- [The task]
Word for word, write the lines below out again, with no pictures.

- [Collected data]
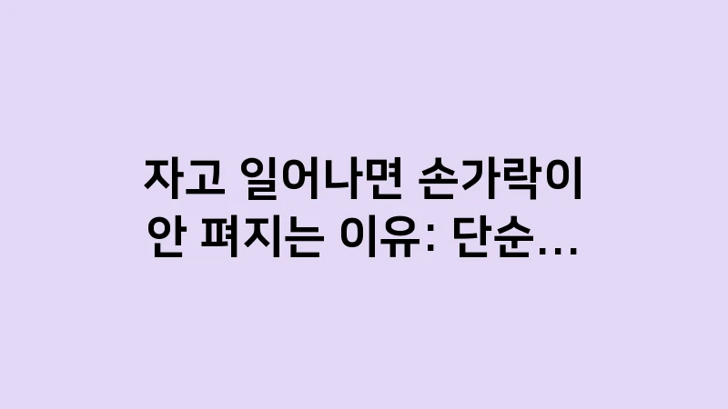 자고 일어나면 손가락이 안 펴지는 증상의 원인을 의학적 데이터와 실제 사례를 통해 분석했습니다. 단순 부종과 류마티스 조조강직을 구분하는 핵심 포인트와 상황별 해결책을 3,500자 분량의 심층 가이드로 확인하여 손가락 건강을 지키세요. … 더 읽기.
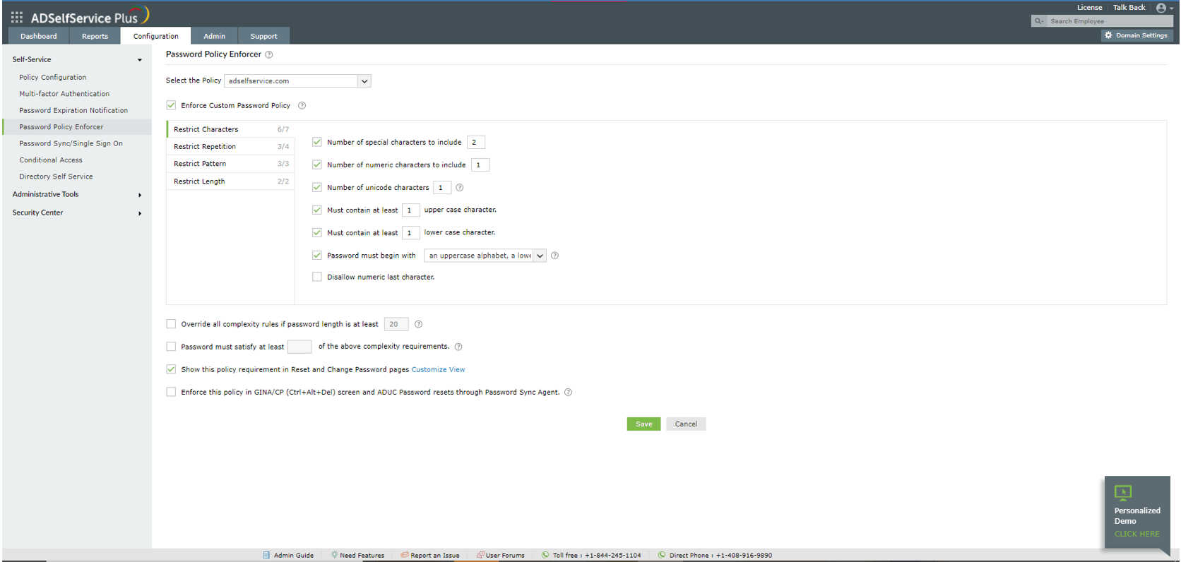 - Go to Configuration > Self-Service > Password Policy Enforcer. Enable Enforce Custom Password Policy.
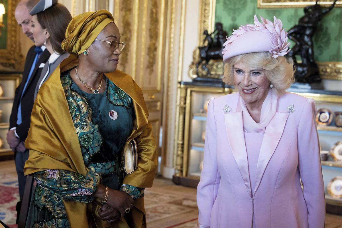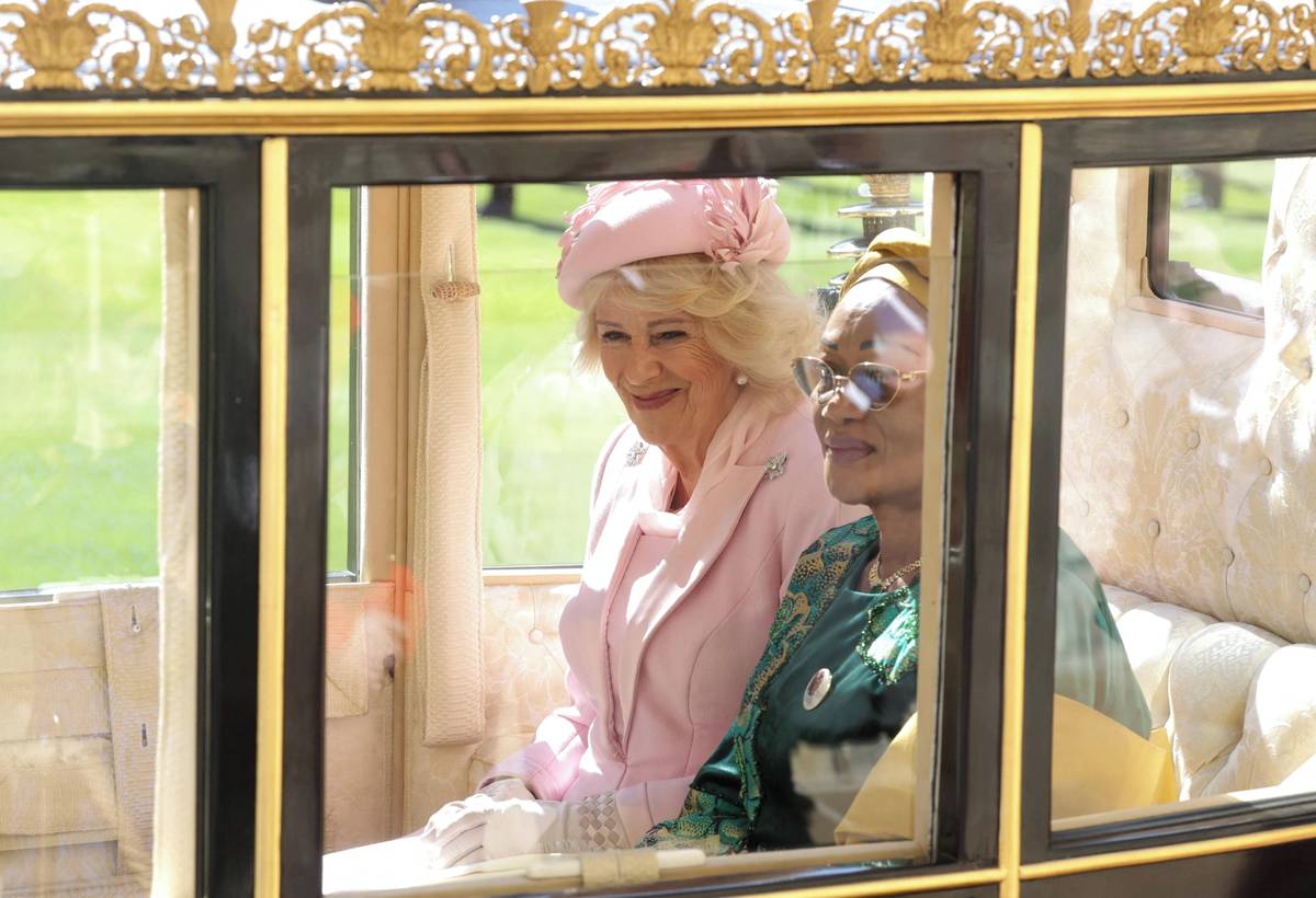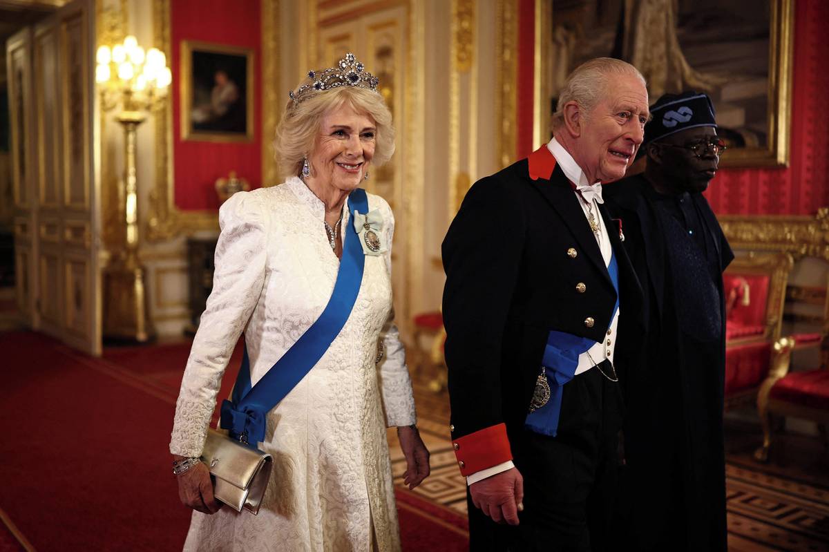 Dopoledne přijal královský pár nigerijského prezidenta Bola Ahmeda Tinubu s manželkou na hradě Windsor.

- [Task response]
 자고 일어나면 손가락이 안 펴지는 증상의 원인을 의학적 데이터와 실제 사례를 통해 분석했습니다. 단순 부종과 류마티스 조조강직을 구분하는 핵심 포인트와 상황별 해결책을 3,500자 분량의 심층 가이드로 확인하여 손가락 건강을 지키세요. … 더 읽기.
 - Go to Configuration > Self-Service > Password Policy Enforcer. Enable Enforce Custom Password Policy.
 Dopoledne přijal královský pár nigerijského prezidenta Bola Ahmeda Tinubu s manželkou na hradě Windsor.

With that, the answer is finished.